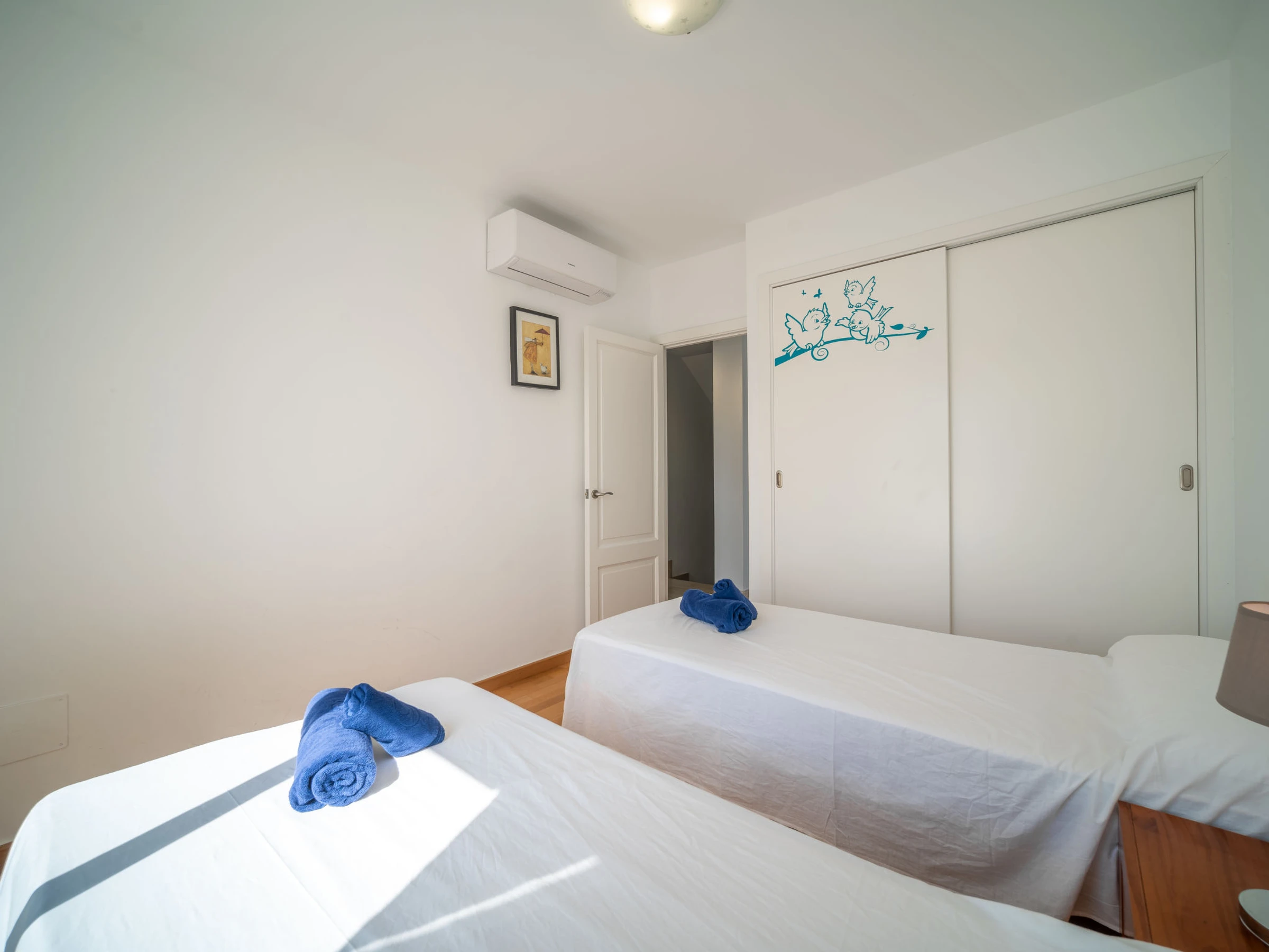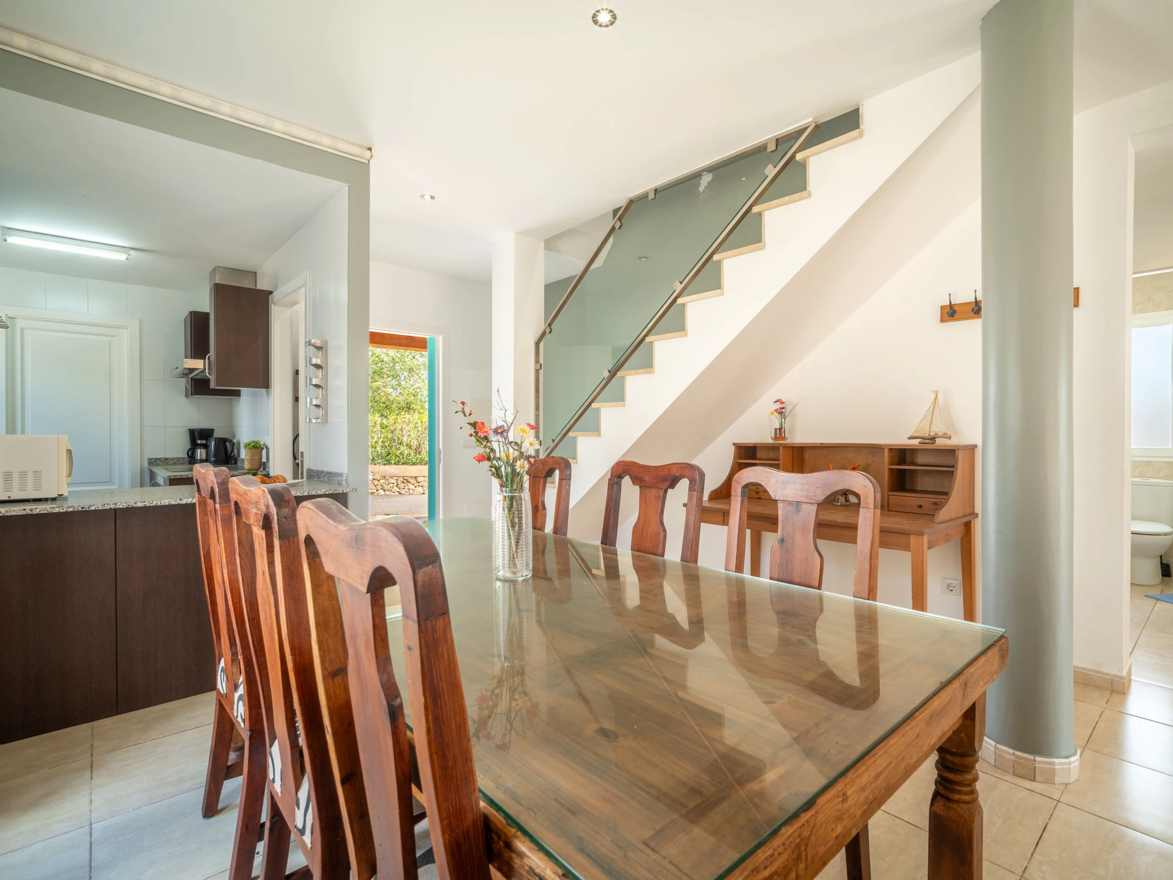 "Son Ganxo II", 4-Zimmer-Reihenhaus 166 m2. Objekt geeignet für 6 Erwachsene. Zweckmässig und gemütlich eingerichtet: Wohn-/Esszimmer mit Klimaanlage und Warmluftheizung. Ausgang zum Gartensitzplatz, zum Schwimmbad. 1 Zimmer mit 2 Betten (90 cm, Länge 190 cm), Klimaanlage und Warmluftheizung. Ausgang zum Gartensitzplatz. Offene Küche (Backofen, Geschirrspüler, 4 Glaskeramikplatten, Toaster, Wasserkocher, Mikrowelle, elektrische Kaffeemaschine). Dusche/WC. Obergeschoss: 1 Doppelzimmer mit 1 franz. Bett (1 x 180 cm, Länge 190 cm), Klimaanlage und Warmluftheizung. Ausgang zum Balkon. 1 Doppelzimmer mit 1 franz. Bett (1 x 180 cm, Länge 190 cm), Klimaanlage und Warmluftheizung. Ausgang zum Balkon. 2 Bäder/WC. Klimaanlage, Warmluftheizung. Heizung nicht in allen Räumen. Natursteinboden. Gartensitzplatz, Garten, Rasen, Laube. Terrassenmöbel, Gartengrill, Liegestühle, Loggia. Sicht auf die Landschaft. Zur Verfügung: Waschmaschine, Bügeleisen, Kinderhochstuhl, Babybett bis 2 Jahre, Haartrockner. Internet (WLAN, gratis). Parkplatz beim Haus. Bitte beachten: geeignet für Familien. Nichtraucher-Haus. Der ausgeschriebene Pool ist zur alleinigen Nutzung. [hidden] // Reg. Nr.: ESFCTU00000702300130366900000000000000000000[hidden]5
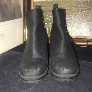 Mix No. 6 weinbaum black leather zip-up platform bootie. Size 9. Scuffs on both toes.
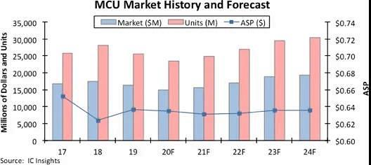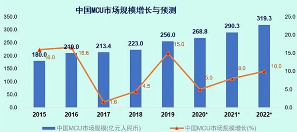 據權威市調機構統計預測,2020年全球MCU市場規模約為177.9億美元,出貨量超過280億顆。預計今年的MCU規模將達到184.8億美元,從2021至2028年的復合年增長率(CAGR)為10.1%,2028年將增長到361.6億美元。另據IC Insights報告顯示,MCU全球營收在2018年創下空前紀錄,達到176億美元;2019年下滑7%;2020年繼續下降8%,至149億美元。2020年車用MCU銷售額為60億美元;工業MCU營收占比為29%,約為43億美元。預計2021年全球MCU市場總銷售額可達到190億美元,其中汽車和工業市場占據了70%,消費電子、家電,以及計算機和通信等市場占據了剩下的30%。
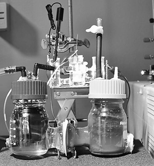 這一新型的混合裝置結(jié)合了微生物燃料電池(MFC)和一個被稱為光電化學(xué)電池(PEC)的太陽能電池。裝置首先將太陽能轉(zhuǎn)化為電能,然后將電子傳遞給污水中的微生物,使其有足夠的能量分解污水中的有機物。其中一些細菌在消耗有機物的同時產(chǎn)生電子,這些電子通過導(dǎo)線被傳回PEC以協(xié)助太陽能電池供電,同時可以將水電解生成氫氣和氧氣。
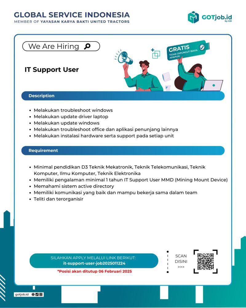 Saat ini Global Service Indonesia sedang membuka lowongan kerja IT support User dengan kualifikasi sebagai berikut :?

● **TASK ITEM**: Retype verbatim only the lines beginning with the line that contains "這一新型的混合裝置結(jié" and ending with the last line of the listing above; pictures are to be excluded.

● **EXERCISE SOLUTION**:
 這一新型的混合裝置結(jié)合了微生物燃料電池(MFC)和一個被稱為光電化學(xué)電池(PEC)的太陽能電池。裝置首先將太陽能轉(zhuǎn)化為電能,然后將電子傳遞給污水中的微生物,使其有足夠的能量分解污水中的有機物。其中一些細菌在消耗有機物的同時產(chǎn)生電子,這些電子通過導(dǎo)線被傳回PEC以協(xié)助太陽能電池供電,同時可以將水電解生成氫氣和氧氣。
 Saat ini Global Service Indonesia sedang membuka lowongan kerja IT support User dengan kualifikasi sebagai berikut :?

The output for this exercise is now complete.